**SOURCE MATERIAL**
———
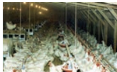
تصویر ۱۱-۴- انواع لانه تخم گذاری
———
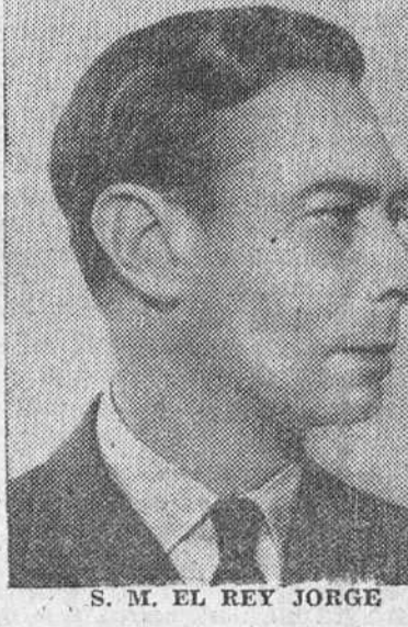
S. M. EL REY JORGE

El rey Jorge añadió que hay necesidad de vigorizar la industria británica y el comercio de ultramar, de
———
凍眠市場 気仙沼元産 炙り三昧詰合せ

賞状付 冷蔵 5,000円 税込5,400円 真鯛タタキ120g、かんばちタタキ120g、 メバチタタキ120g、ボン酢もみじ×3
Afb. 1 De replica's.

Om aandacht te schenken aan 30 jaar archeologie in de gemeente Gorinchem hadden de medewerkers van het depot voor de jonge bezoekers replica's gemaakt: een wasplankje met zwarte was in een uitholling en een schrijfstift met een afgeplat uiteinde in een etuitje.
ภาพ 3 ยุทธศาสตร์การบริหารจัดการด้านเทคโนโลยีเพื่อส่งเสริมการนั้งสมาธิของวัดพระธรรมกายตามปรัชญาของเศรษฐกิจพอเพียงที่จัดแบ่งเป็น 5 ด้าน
———
**THE TASK**
Number of lines containing "replica" in the material above: give that number alone.

**WORKED SOLUTION**
2